TRY IT: An exact copy of all the data is needed, with every picture left out.

INFORMATION SHOWN:

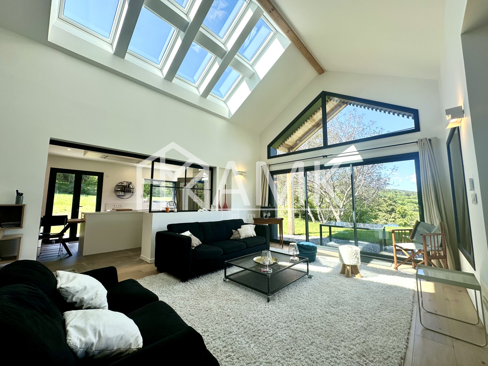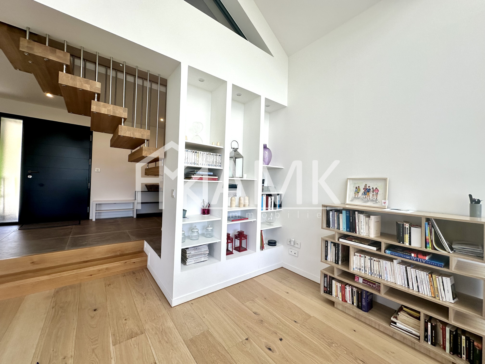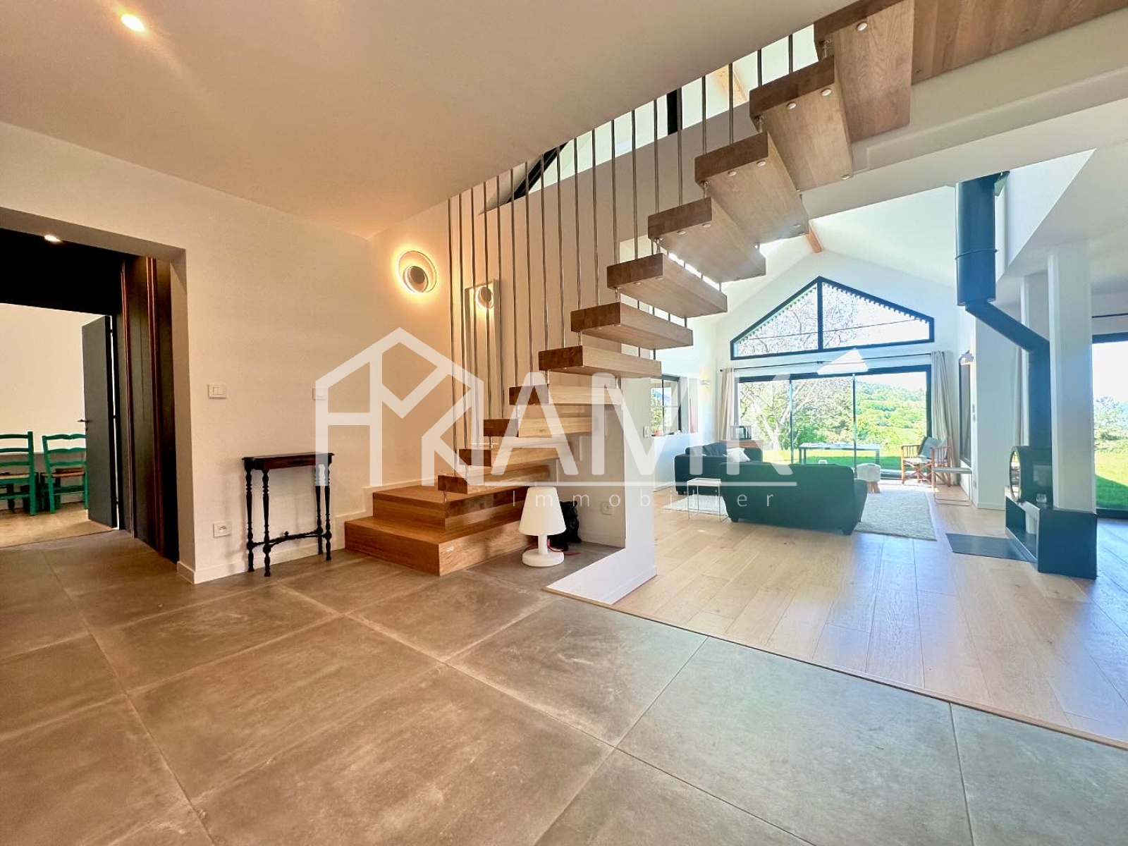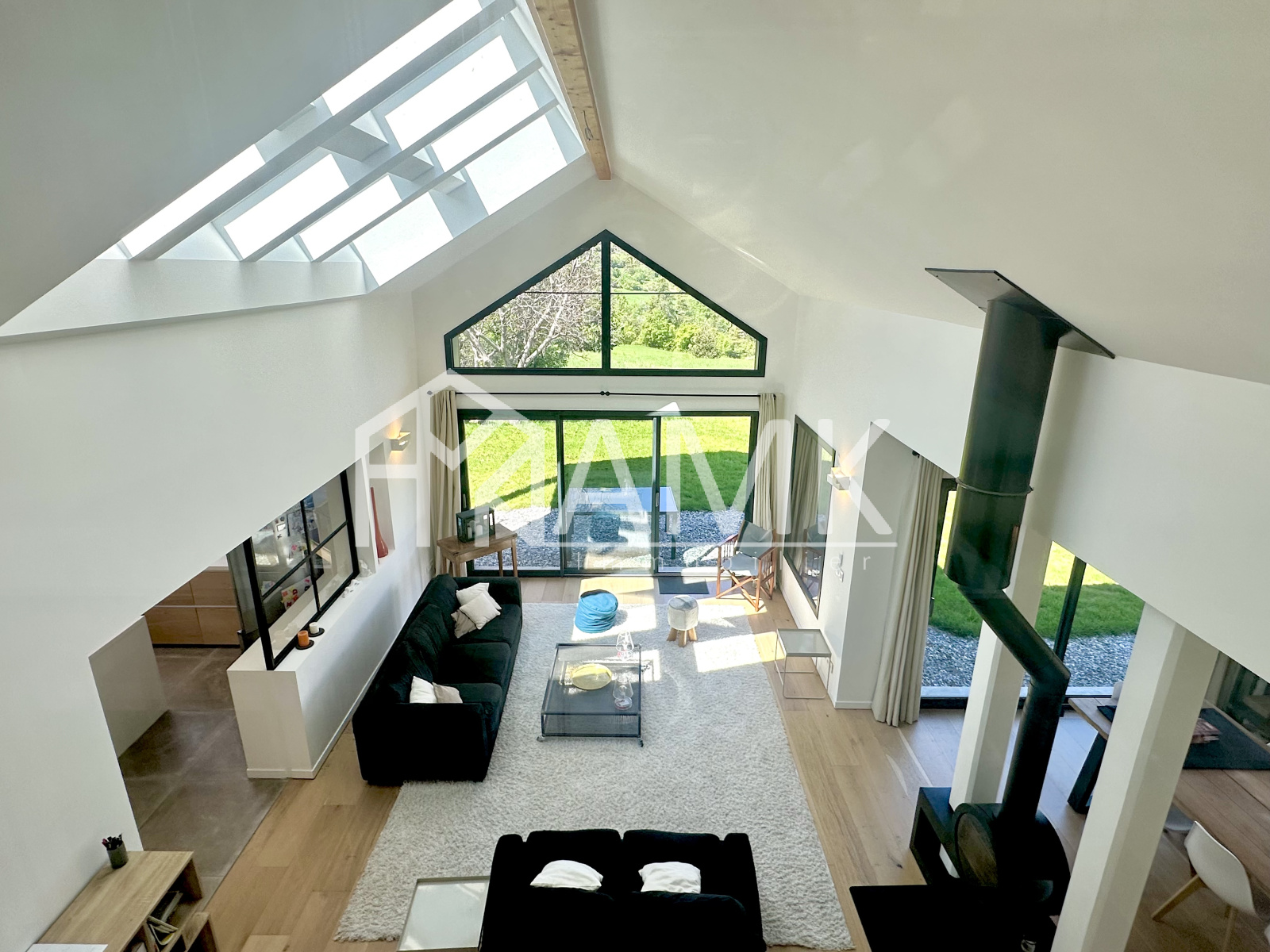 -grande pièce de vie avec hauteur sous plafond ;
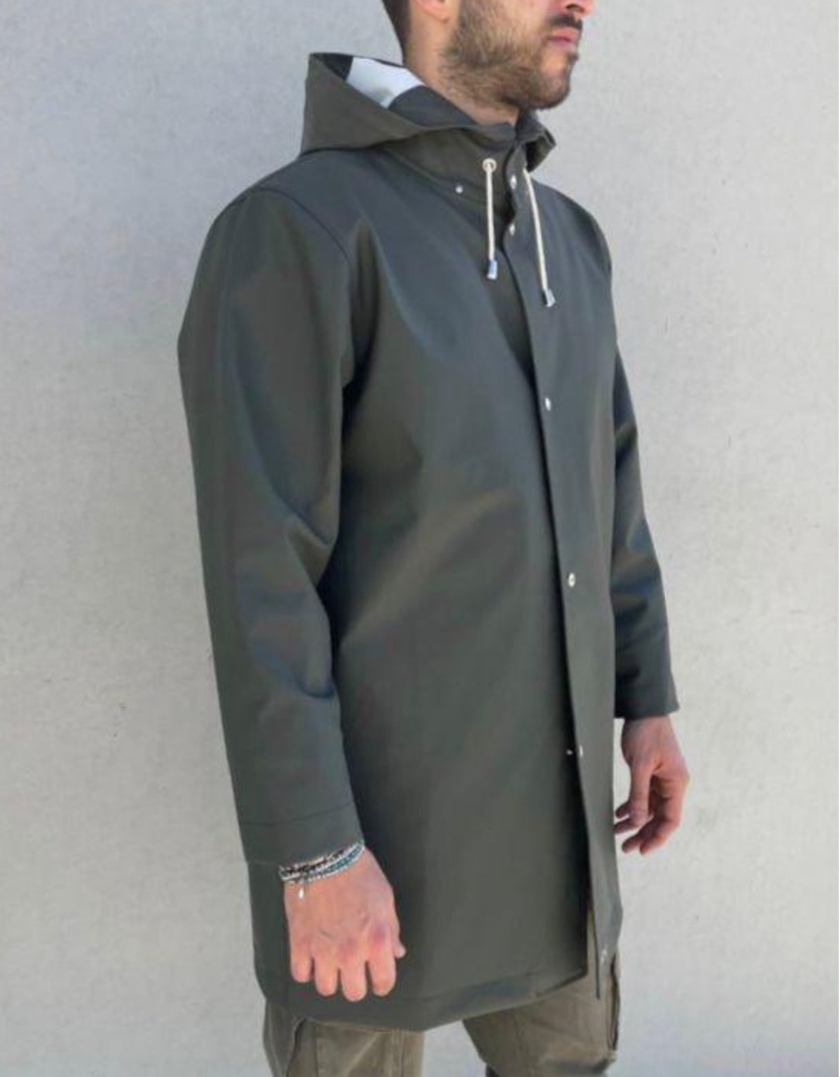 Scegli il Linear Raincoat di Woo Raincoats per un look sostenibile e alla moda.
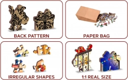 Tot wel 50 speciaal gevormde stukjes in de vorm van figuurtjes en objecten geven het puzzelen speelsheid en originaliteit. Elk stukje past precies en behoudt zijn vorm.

ANSWER TO THE EXERCISE:
 -grande pièce de vie avec hauteur sous plafond ;
 Scegli il Linear Raincoat di Woo Raincoats per un look sostenibile e alla moda.
 Tot wel 50 speciaal gevormde stukjes in de vorm van figuurtjes en objecten geven het puzzelen speelsheid en originaliteit. Elk stukje past precies en behoudt zijn vorm.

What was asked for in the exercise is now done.